好像是咬在他手上了,但是杨炯当时走了神,心想:“这人看着挺大个,嘴好像有点小啊。”
后来傅惟演又从饭店打包了一份老火汤过去算是赔偿,却不巧赶上杨炯爷爷出院,俩人讪讪一笑,也就过去了。
现在时隔多年,俩人都不想提当时的那点糗事,于是心怀默契地保持着沉默。
傅惟演提着衣服,在原地抬头看看天花板,又看看地面砖,最后看杨炯还是没有找话说的意思,只得随口问道:“你中毒都好了?”
“……”杨炯心里觉得这问题好笑,却点了点头,一脸认真道:“好了,贵院医疗水平高。”
傅惟演:“……”
杨炯看他噎了一下就有些高兴,主动问:“那天我看你排班挺紧啊,怎么有空出来逛街了。”
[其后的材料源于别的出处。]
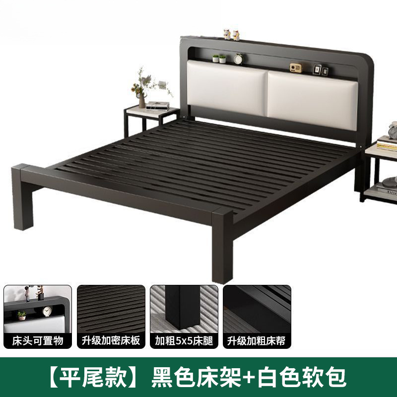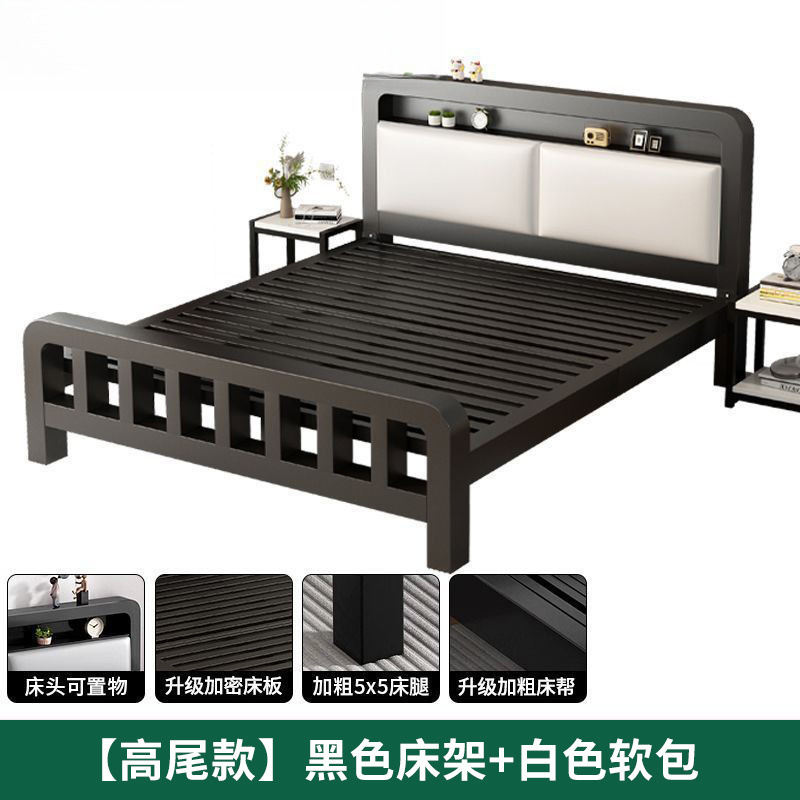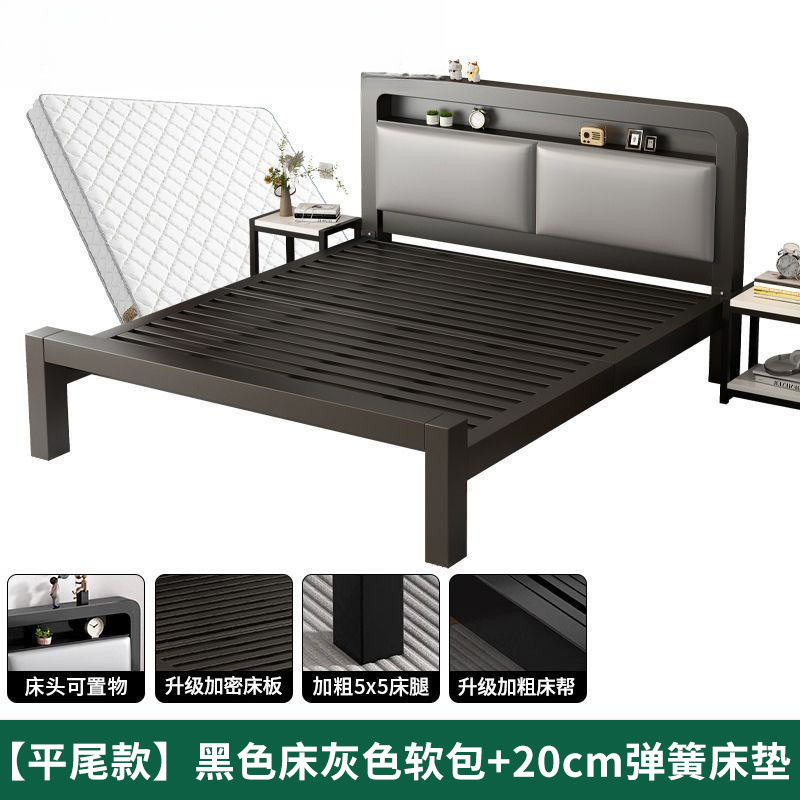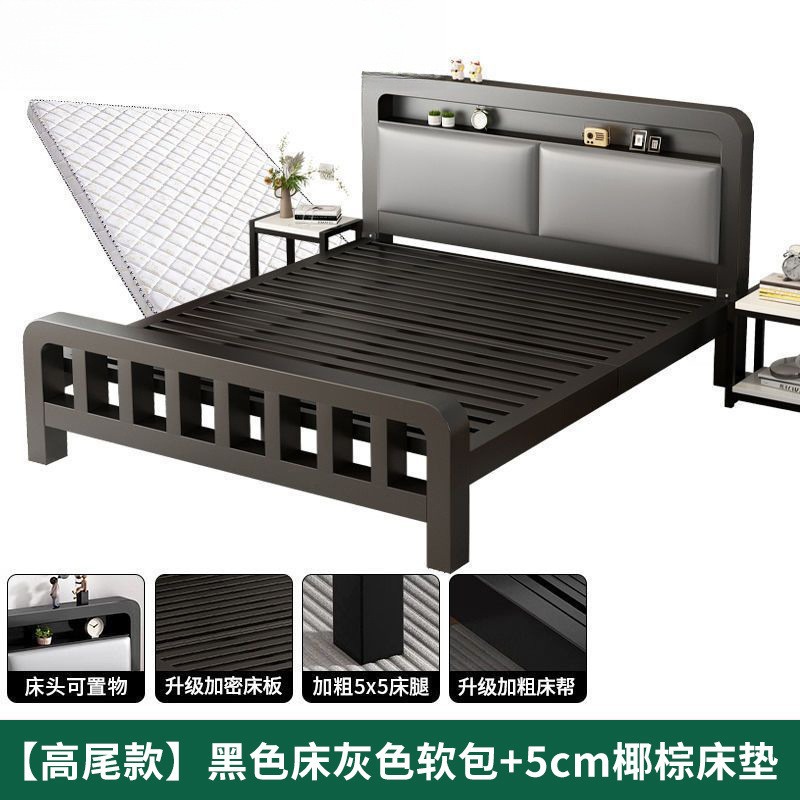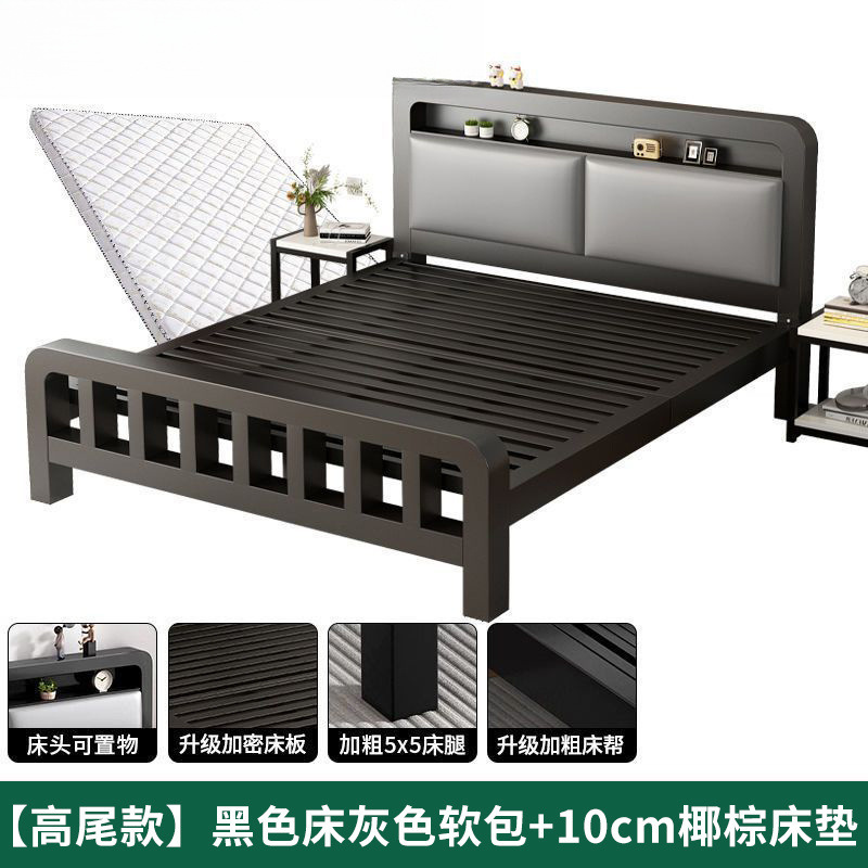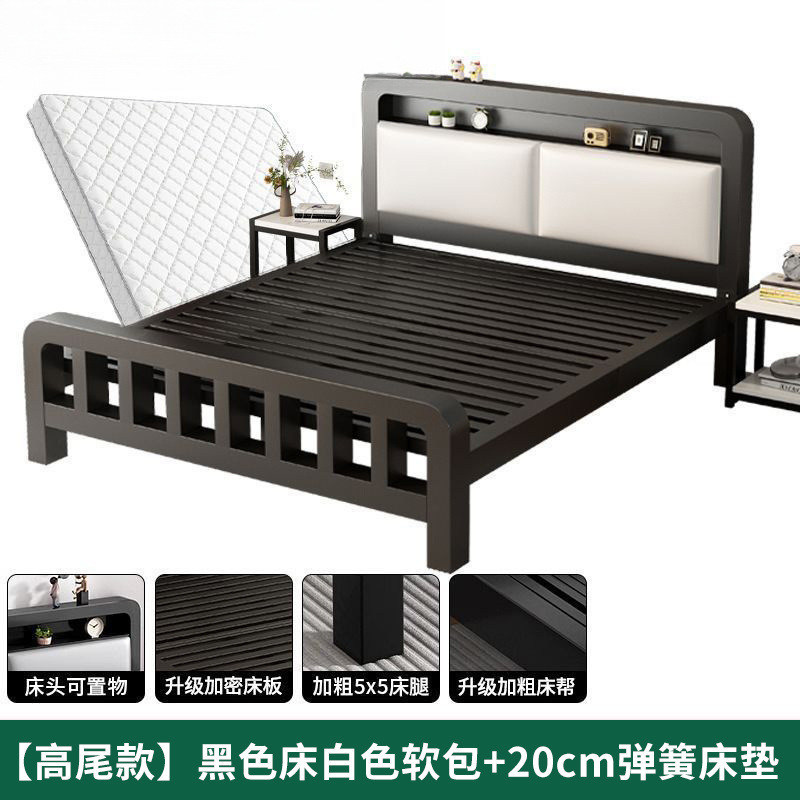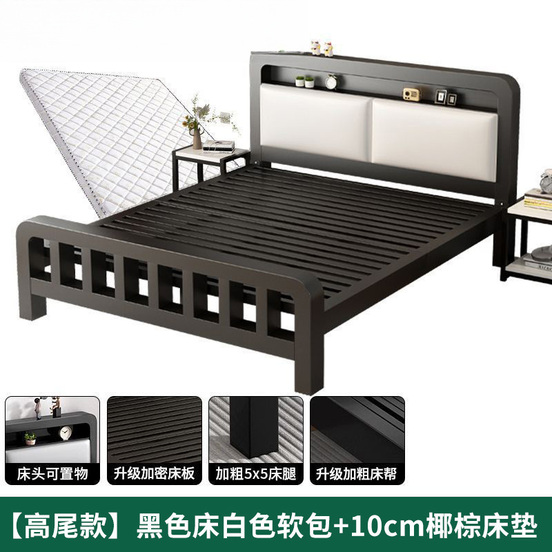 유럽식 철제 침대 1.8m 강화 및 두꺼운 더블 침대 1m 가정용 침대 스테인레스 스틸 임대 주택 철제 프레임 침대
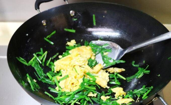 6.鸡蛋炒好后,倒入韭菜,翻炒均匀。
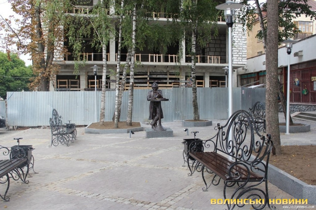 Так, перший заступник міського очільника заявив: «Зараз всі так активно обговорюють скульптуру, яка стоїть в центрі скверу. Хтось в цьому чоловіка бачить відомого волинського письменника Костя Шишка, хтось – ще когось. Хто пам’ятає, на тому місті колись було кафе «Лакомка», де за чашкою кави любили збиратись представники луцької інтелігенції: письменники, художники, поети. Так, ось, насправді, ця скульптура – це уособлення людини-інтелігента».
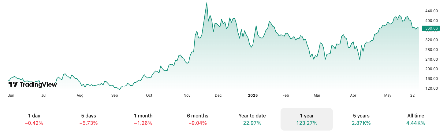 За даними TradingView, акції стратегії стягувались до закриття минулого тижня на рівні 369 доларів, але торгували на 1,6% вниз на попередньому ринку.
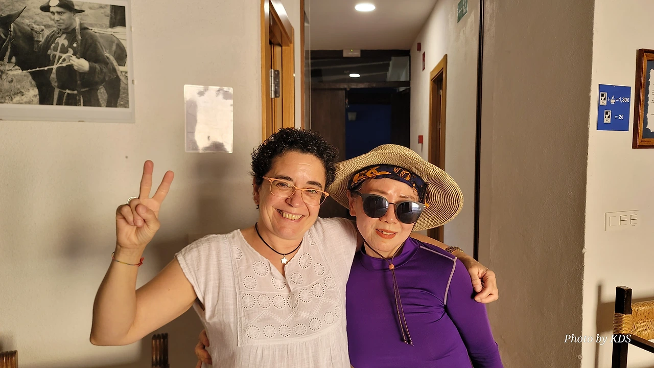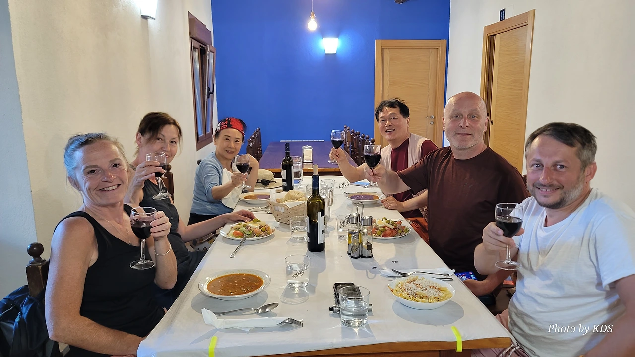 선비가 춥다고 곁불 쪼이거나 배 주린다고 바가지에 밥 담아 먹지는 못하지 않는가. 아무렇지 않은 척 내색 않고 앉아서 통성명을 하는 것이 조선의 법도이다. 일단 탐색전이 끝나니 대충 사이즈가 나온다. 한 부부는 아일랜드, 한 부부는 헝가리. 부부인지 길에서 눈 맞은 사이인지 아리송하다. 이 무튼 이들이 무알콜 스타일이어서 너무 행복했다. 주로 알베르게에서 무료 와인의 제공량은 2~3인에 한 병이다. 그런데 2명이 무알콜이니 정말 술 고픈 금삿갓에게는 희소식이다. 그래도 건배는 물로 하면 3년 재수 없다고 조선의 음주 법도를 설명하고, '위하여'를 가르쳐서 힘껏 외치게 했다. 덕분에 오래간만에 공짜술이 목구멍을 약간 즐겁게 해 줬다. 길은 힘들어도 끝은 언제나 좋다.
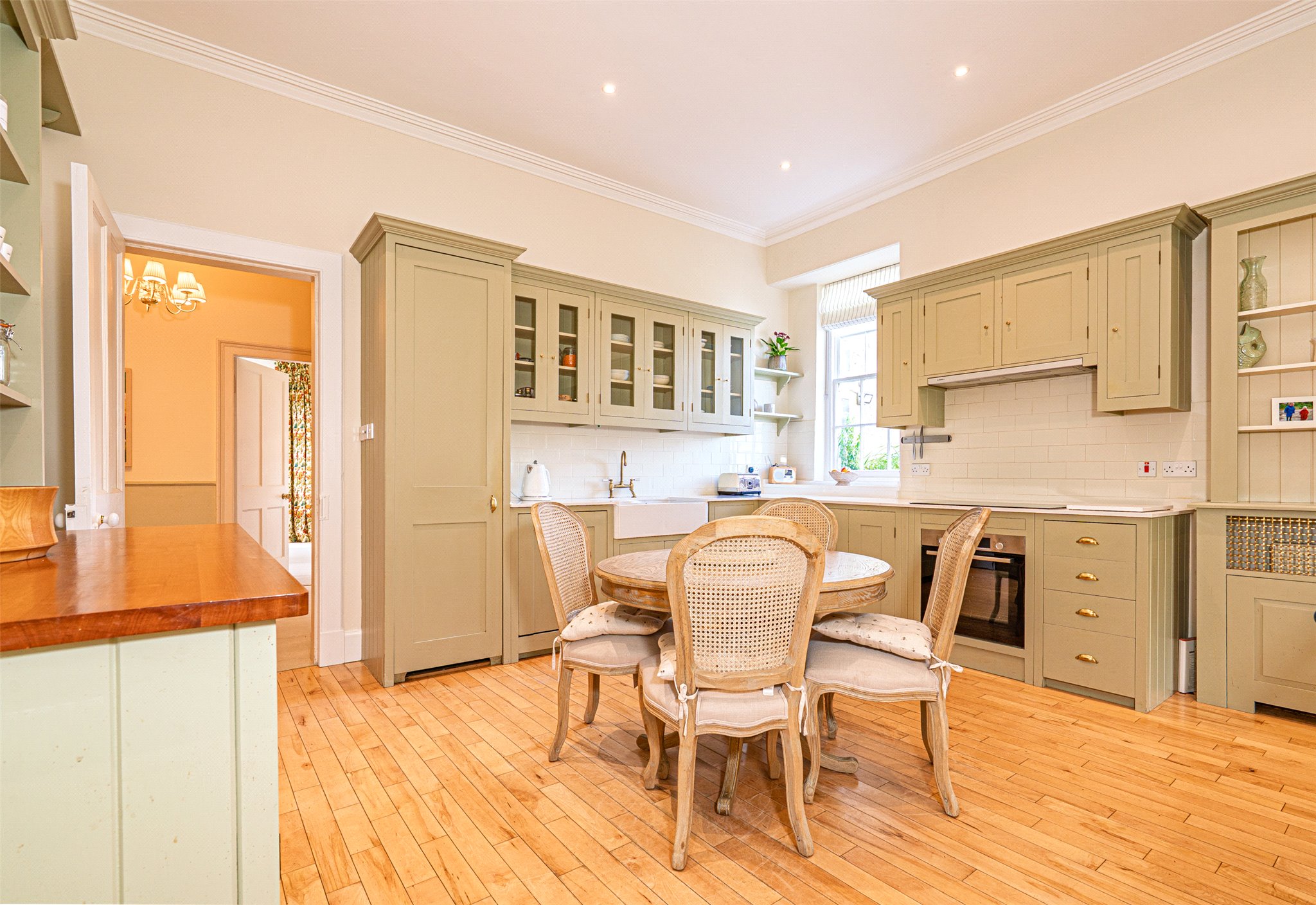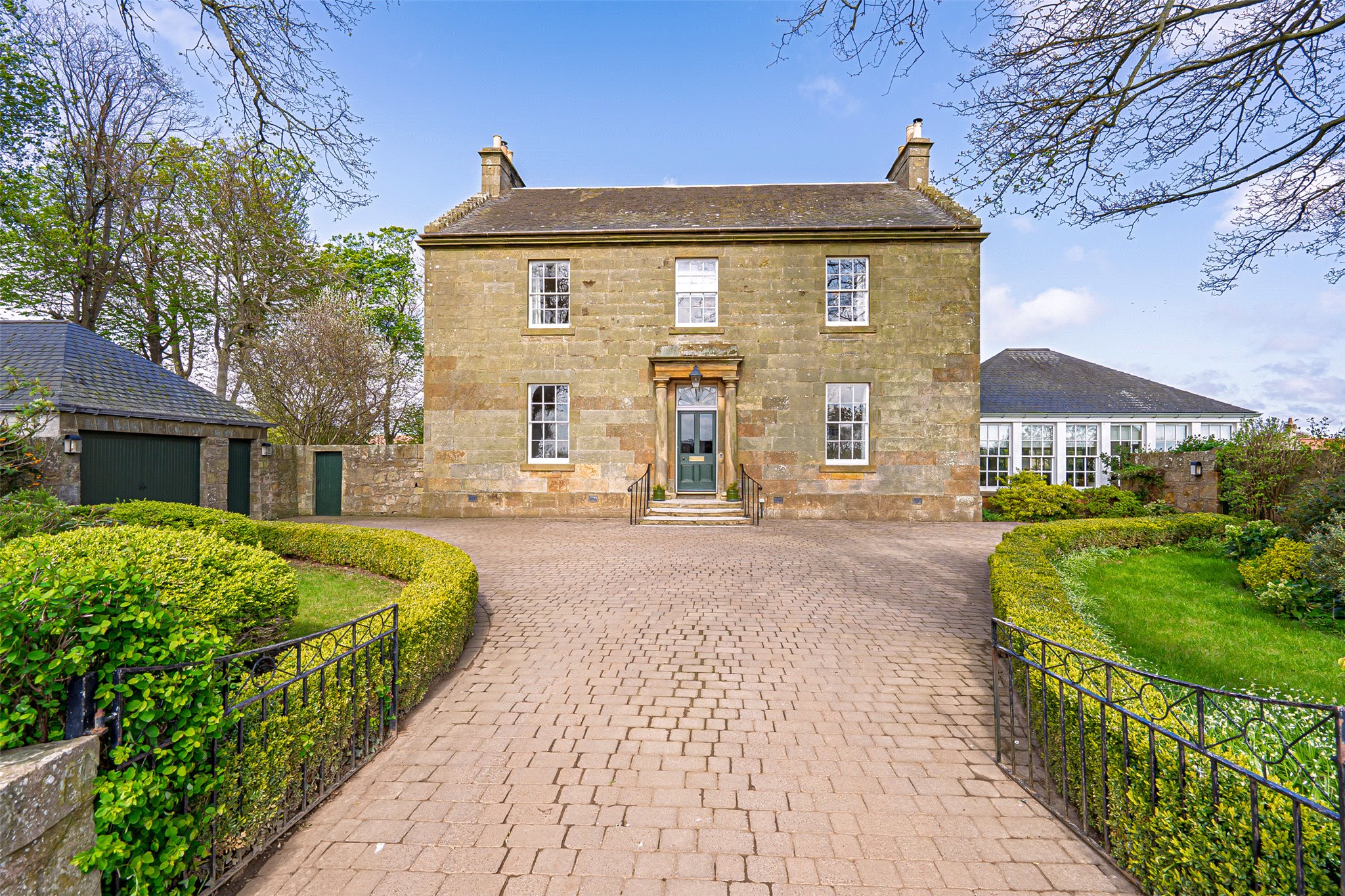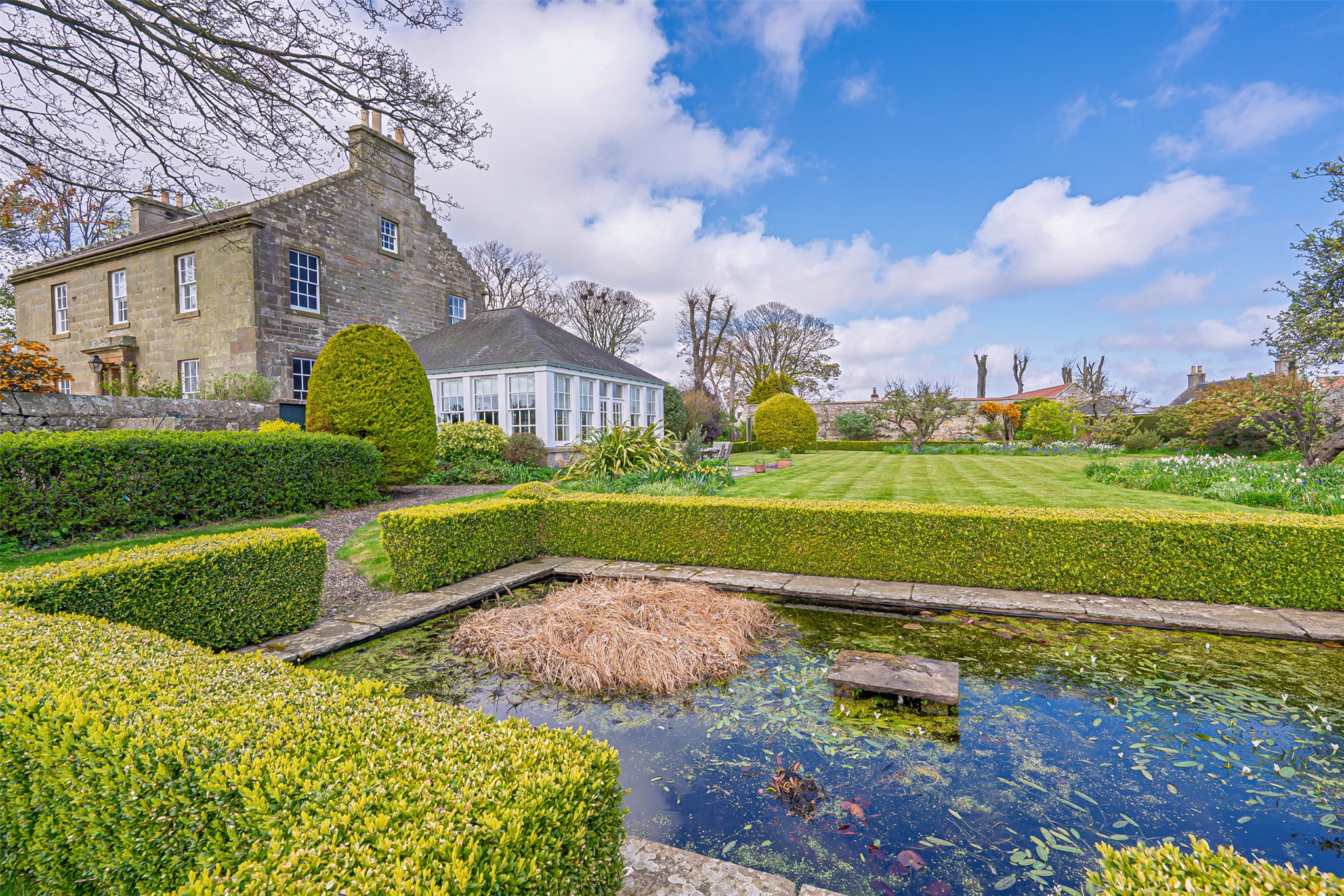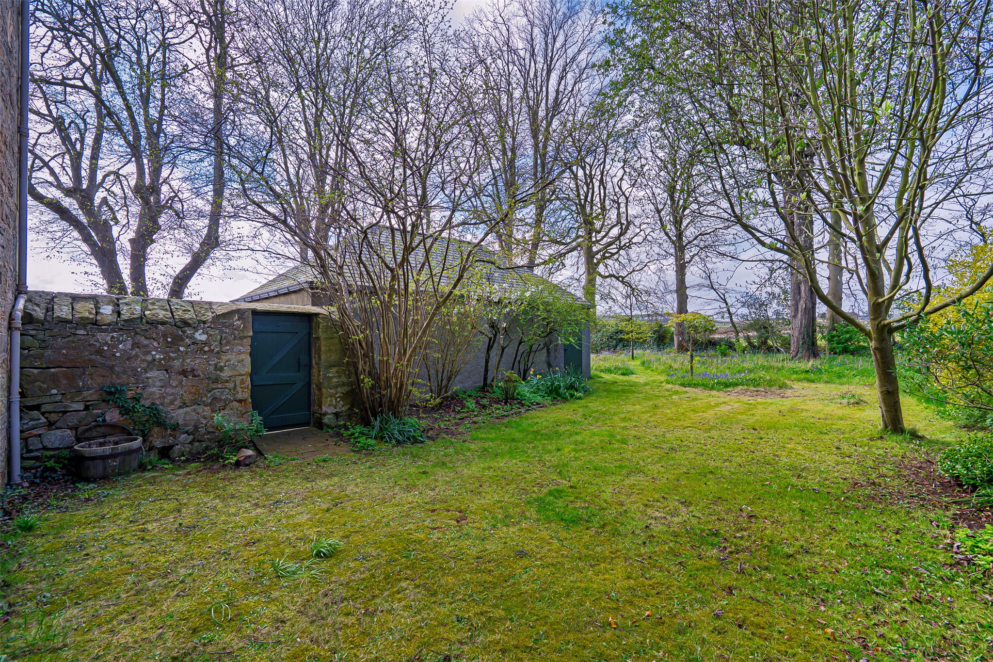 Externally, Kirk House is set within exceptional gardens and grounds that enjoy sun throughout the whole day and comprise three distinct areas. To the east lies the exquisite, sheltered walled garden, mainly laid to lawn and planted with a superb variety of mature trees, shrubs and specimen plants, along with an ornamental pond, gazebo, terrace and orchard. To the west is a delightful wild garden, dotted with bluebells and mature deciduous trees, creating a peaceful and natural setting. To the front, a neat, blocked driveway provides ample off-street parking and access to the garage and workshop, all framed by lawns, hedging and established planting.

“市里办了个学术会议,就在这附近,”傅惟演说:“所以这两天能轻松点。”
“哦,没想到你还真当医生了啊,”杨炯感慨道:“我以为你就干一阵子呢,做这个挺累吧。”
“挺累的,加班是常态,你呢?”傅惟演问他:“现在还在演戏?”
杨炯咳嗽了一下,不太好意思的嗯了一声。
“电影还是电视剧?”
“……都有,都是小角色。”
“哦?”傅惟演略感兴趣地偏过脸看他:“有正在上映的吗?”
“……有一个,”杨炯一时没忍住,如实道:“就是你说娘炮的那个。我在里面给人当替身,”
他顿了顿,见傅惟演一脸惊讶,犹豫了一下问:“其实我就想知道我哪儿娘了啊?”
第7章
傅惟演顿时有些后悔自己没话找话。
杨炯一脸困惑地看着他,他也不好意思说是还是不是,想了想委婉道:“可能是我没看清吧,是不是脑袋后面有个小辫儿?”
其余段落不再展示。